Consumer spending accounts for almost 60 percent of Japan's gross domestic product, and, when people here stop spending, the world feels it. To restart its stalled consumers, Tokyo has launched a $120 billion economy-boosting package and is discussing permanent tax cuts.
Critics say these measures won't address deep-rooted structural problems that have led to the economic downturn, and offer a simple reason why it might not even work in the short-term: Consumers like Michiyo Taki (see story above) aren't willing to play along.
"We aren't as stupid as the government thinks," she says flatly.
The government wasn't looking out for ordinary Japanese when it got the country in the current economic fix, she says, so now they're looking out for themselves. And that means holding on to their money, no matter how badly the government wants them to spend it.

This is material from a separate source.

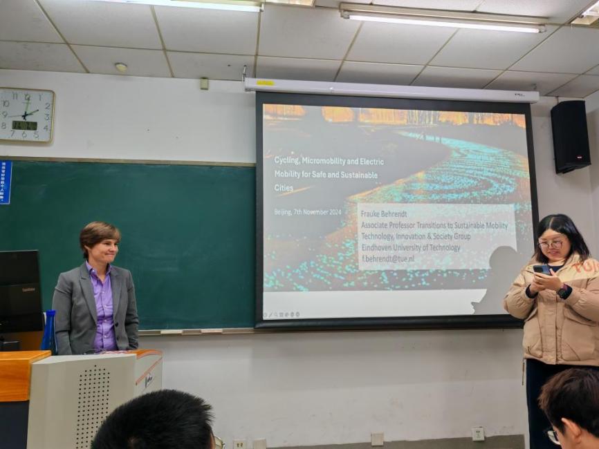 2024年11月7日14点,Frauke Behrendt副教授作了题为《Cycling, Micromobility and Electric Mobility for Safe and Sustainable Cities》的学术报告。本次报告由xc体育高然副教授主持,工程与项目管理2024级研究生参加讲座。Frauke Behrendt副教授简单介绍了埃因霍温理工大学的学术、创新和组织情况,并表示欢迎大家前往学习。

As for the tax cuts, "it simply means more money to save," she says.
If current economic insecurity inspires the Japanese to save, habit is also a factor. In the years after World War II, Japan encouraged its citizens to save to help put the country back on track. They salted away so much that today the average household has just over $116,000 in savings.
Ms. Taki puts money away just as her parents did. But, while they saved to rebuild Japan in the years after World War II, she is saving to weather the storm it's facing today. She deposits her savings in the Japanese postal system (where about 19 percent of Japanese savings are held) and would like to try investing with a foreign firm like Merrill Lynch. Japan's banks, burdened with massive debt and tainted by racketeering scandals, don't inspire her confidence.
"Japan has been affected by a malaise, I thought after [these scandals emerged]," she says. "In this situation, a person like me is never going to spend."